The finding came from an unlikely starting point. A Carnegie Mellon professor posted on social media offering a reward to anyone who could systematically scan ICLR 2026 submissions for AI-generated text. Max Spero, CEO of Pangram Labs, responded. Within twelve hours, his team had written code to analyse all 75,800 peer reviews submitted to the conference. Two caveats are worth naming upfront: Pangram is a commercial AI detection company with a business interest in demonstrating that AI content is widespread, and their detection model, EditLens, was itself a paper submitted to ICLR 2026. The findings should be read with that context. They are nonetheless consistent with what ICLR's own organisers had already acknowledged — announcing desk rejections for undisclosed LLM use and consequences for reviewers submitting hallucinated reviews — before Pangram published their numbers.

The results were not what most people expected in scale. One in five reviews — 15,899 out of 75,800 — were classified as fully AI-generated. A further tranche pushed total AI involvement past 50%. The 2024 figure for the same conference was 16.9%. In two years, the rate had climbed four percentage points. The curve is not flattening.

21%

of ICLR 2026 peer reviews fully AI-generated (Pangram Labs, 2026)

50%+

of all reviews showed some form of AI involvement

4.43

average score given by AI reviews vs 4.13 by fully human reviews

That last number is the one that matters most for evidence quality. AI-generated reviews gave systematically higher scores than human reviews — despite, in Pangram's analysis, correlating with lower paper quality. The review process is not just being automated. It is being gamed in a direction that inflates the apparent quality of the research record.

What AI peer review actually looks like

Pangram's analysis identified five recurring characteristics of AI-generated reviews. They were longer than human reviews. They used section headers with bold formatting. They had low information density — extensive lists of weaknesses and questions that did not engage with the specific argument of the paper. One review ran to 3,000 words, listing 40 weaknesses and 40 questions. Exhaustive and weightless is a precise description of what AI reviewing looks like at scale.

This matters for how the output gets used downstream. A 3,000-word review with 40 listed weaknesses creates an impression of rigorous scrutiny. The weaknesses are real-looking — grammatically correct, technically plausible, specific enough to seem engaged. But they are not the result of a human researcher reading the paper carefully and identifying the specific methodological choice that undermines the central claim. They are the result of a model producing what a thorough review looks like, without the epistemic work that a thorough review requires.

The distinction between looking like scrutiny and being scrutiny is exactly the distinction this series of articles has been tracing from a different direction: fabricated citations look like citations, amplification cascades look like consensus, fragile assurance looks like established evidence. The peer review finding is the same failure mode at a different point in the evidence chain.

The proxy-sovereign problem

A paper published in January 2026 by researchers at the Technical University of Denmark and Technical University of Darmstadt formalises what is happening here with useful precision. The paper introduces the concept of proxy-sovereign evaluation — a condition in which a field's evaluation process has shifted from tracking actual quality to tracking easier-to-measure proxies for quality.

The paper identifies two forces driving this phase transition: verification pressure, when claims outpace verification capacity, and signal shrinkage, when real improvements become hard to separate from noise. When the volume of submissions exceeds the community's ability to review them carefully, the review process migrates toward signals that are easier to produce and evaluate — benchmark scores, formal compliance, section structure, word count. The AI review crisis is a direct consequence of this migration.

The paper's central recommendation is for verification-first AI: deploying AI as an adversarial auditor that generates auditable verification artifacts, rather than as a score predictor that adds more reviews to a process already failing at quality control. The difference is whether the tool produces something that can be independently checked — a specific claim about a methodology error, a verifiable citation check, a reproducibility test — or whether it produces a plausible-sounding evaluation that cannot be independently verified.

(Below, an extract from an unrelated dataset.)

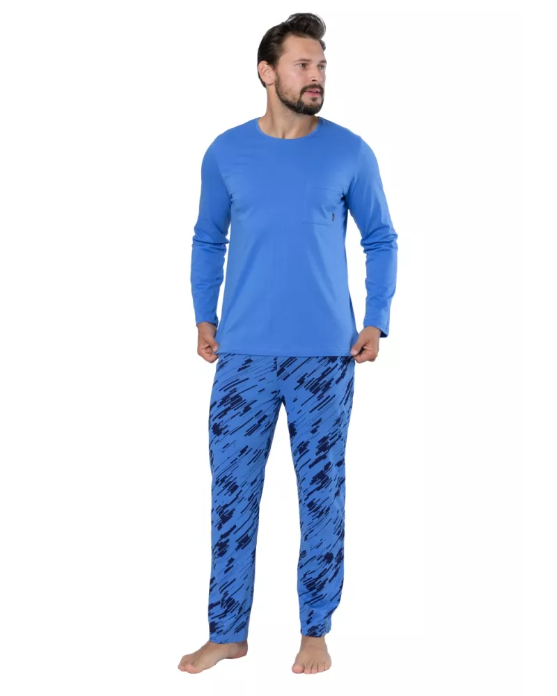 Pánské pyžamo Egon 1685/51 značky HOTBERG přináší spojení elegantního vzhledu a pohodlí, které ocení každý muž. Vrchní díl v sytě modré barvě působí svěže, zatímco dlouhé kalhoty s abstraktním vzorem v odstínech modré a černé dodávají moderní šmrnc. Lehký materiál ze 100% bavlny zajišťuje příjemný pocit na těle i dostatečnou prodyšnost během spánku nebo odpočinku doma. Kulatý výstřih a volnější střih poskytují maximální komfort bez omezení pohybu, což je ideální pro každodenní nošení i relaxaci.

The proxy-sovereign condition A field is in a proxy-sovereign state when its evaluation process has shifted from tracking what is actually true or good to tracking what is easier to measure. High prestige is no protection: the paper argues that high-profile venues may be more exposed, because the volume of submissions to prestigious conferences outpaces verification capacity faster than smaller venues.

Why this matters beyond AI research

The ICLR finding is about an AI conference. But the mechanism it exposes is not domain-specific.

Policy research draws on academic literature as one of its primary evidence sources. When a policy analyst cites "research showing that X" they are often citing a paper that was accepted at a conference or published in a journal on the basis of peer review. If peer review is being conducted by AI systems that systematically inflate quality assessments, the policy analyst's evidence base is systematically degraded — not because the analyst did anything wrong, but because the upstream quality control has failed.

Regulatory research faces the same problem. EU AI Act compliance work, for example, regularly references published research on AI reliability, bias, and safety. If that research passed peer review through AI-generated evaluations that missed substantive methodological problems, the compliance conclusions built on it are fragile — in precisely the sense we described in the previous article on evidential fragility.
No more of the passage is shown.